◆ Given data:
* * *

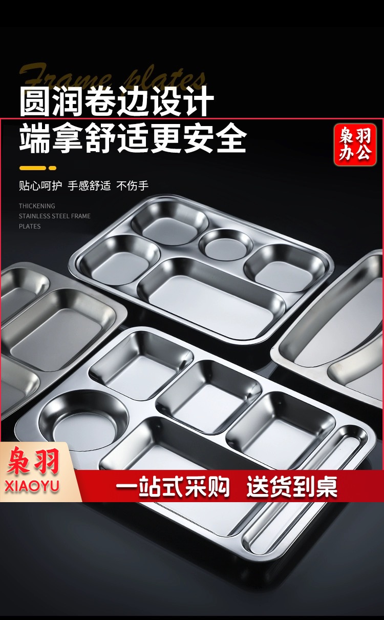 304加厚不锈钢快餐盘分格餐盘(5格小圆(带勺位)1.2厚 长35.5cmx宽26.7cmx高2.3cm)儿童幼儿园学生成人食堂快餐盘餐具
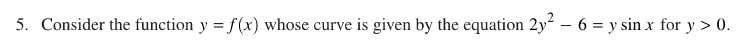 While not required for the exam, you could use a grapher in implicit mode to graph the relation. Without the y > 0 restriction the graph consists of two seemingly parallel graphs similar to a sine graph. They are not sine graphs.
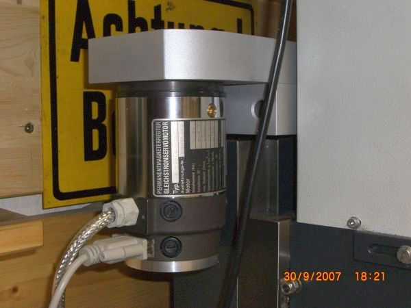 Als letzte Aktion bekam die Wabeco noch eine optionale Schnelllaufspindel. Mit den 17500 U/min und 200W Motorleistung ist sie gut zum Gravieren geeignet. |
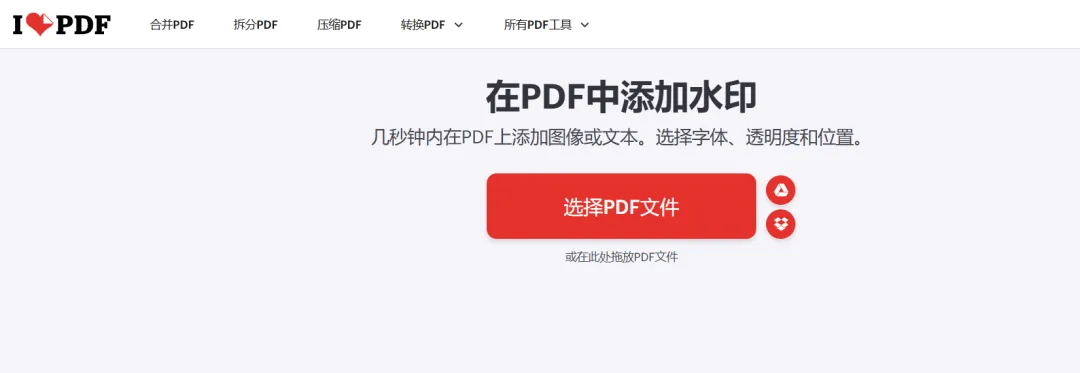 以给现有PDF文件,在网站中选择“水印”工具,即出现“PDF添加水印界面”,首先需要添加需要添加水印的PDF文件。可以选择文件,或者将文件拖动到当前窗口即可。

* * *

◆ Task statement:
No picture belongs in the copy; return the rest of the listing exactly.

◆ Your solution:
 304加厚不锈钢快餐盘分格餐盘(5格小圆(带勺位)1.2厚 长35.5cmx宽26.7cmx高2.3cm)儿童幼儿园学生成人食堂快餐盘餐具
 While not required for the exam, you could use a grapher in implicit mode to graph the relation. Without the y > 0 restriction the graph consists of two seemingly parallel graphs similar to a sine graph. They are not sine graphs.
 Als letzte Aktion bekam die Wabeco noch eine optionale Schnelllaufspindel. Mit den 17500 U/min und 200W Motorleistung ist sie gut zum Gravieren geeignet. |
 以给现有PDF文件,在网站中选择“水印”工具,即出现“PDF添加水印界面”,首先需要添加需要添加水印的PDF文件。可以选择文件,或者将文件拖动到当前窗口即可。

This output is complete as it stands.